I really enjoy using a site called Postcrossing. It allows you to send a postcard to a random person somewhere in the world and in turn you will receive one in return. It is interesting to see where cards come from…Mostly the “big” countries, but I did receive a card from Guernsey. Really cool!
Now, it is very hard to find the special cards so I do create my own…though I have a few in reserve for those deadset against it.
I have developed a special blog that lists my postcards. Soon I will migrate the site here, but until then visit: http://po.andeweb.info/. You desire a card, let me know – I gladly exchange.
A QSL card is a special card that confirms two-way communication between two amateur radio stations.
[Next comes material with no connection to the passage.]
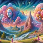 A surreal landscape features a giant, ethereal face made of colorful clouds, surrounded by vibrant hot air balloons and a winding river, set against majestic mountains and a dreamy sunset.

These cards often look like postcards, but have a special place in ham’s collections. QSL is derived from the Amateur Radio’s Q codes and means “I confirm receipt of your transmission”. You can also get QSL cards through listening to shortwave radios – and there are some quite interesting cards as well.
Mailer’s Postmark Permit
I also hold a Mailer’s Postmark Permit and am the circulation director of the Mailer’s Postmark Permit Club. A Mailer’s Postmark Permit is quite a unique item, since it is not something many countries have (I believe the US may be the only one). It is a cancellation applied to a piece of mailer by someone authorized by the post office via a permit. The process can be a little lengthy, but is free to any US citizen. The only cost is to purchase a cancellation device. I purchased mine from Bill Porter at Olathe Post.
You can learn more about Mailer’s Postmarks at the Mailer’s Postmark Permit Club website.
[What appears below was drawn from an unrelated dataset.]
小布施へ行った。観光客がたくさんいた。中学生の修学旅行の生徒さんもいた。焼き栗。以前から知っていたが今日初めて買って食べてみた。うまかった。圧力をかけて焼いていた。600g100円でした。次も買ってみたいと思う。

Please note, my linking to Bill Porter and Olathe Post is based on my personal experience with him and should not be considered an endorsement of any organization or club that I am part of.
One of the most interesting things about the postcards is seeing the postmarks. One of my fellow Mailer’s Postmark Permit Club members, Tim Schnepp, has a wonderful Postmark site showing his collection. Quite impressive if you ask me.